** What you need to do **
Lines from the one with "6年2組の皆さんが、音楽の授業で取り組んでいた合奏を聞かせてくれました。" to the end of the material, both included: print them exactly and print nothing else. Omit the pictures.
Segment Start: Data excerpt
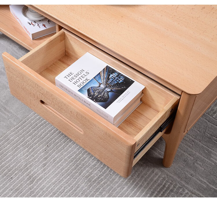 Beech all solid wood double-layer coffee table Kung Fu tea table Chinese style living room pure log rectangular corner side table Dream No. 2 coffee table 13570 fully painted all beech four-button assembly
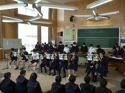 6年2組の皆さんが、音楽の授業で取り組んでいた合奏を聞かせてくれました。
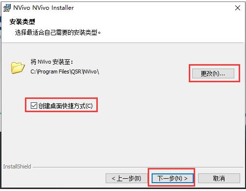 4.选择软件的安装位置,默认的是【C:\Program Files\QSR\NVivo】,单击【更改】自定义,勾选【创建桌面快捷方式】,单击【下一步】就开始安装了,耐心等待
Segment End: Data excerpt
** Output of the exercise **
 6年2組の皆さんが、音楽の授業で取り組んでいた合奏を聞かせてくれました。
 4.选择软件的安装位置,默认的是【C:\Program Files\QSR\NVivo】,单击【更改】自定义,勾选【创建桌面快捷方式】,单击【下一步】就开始安装了,耐心等待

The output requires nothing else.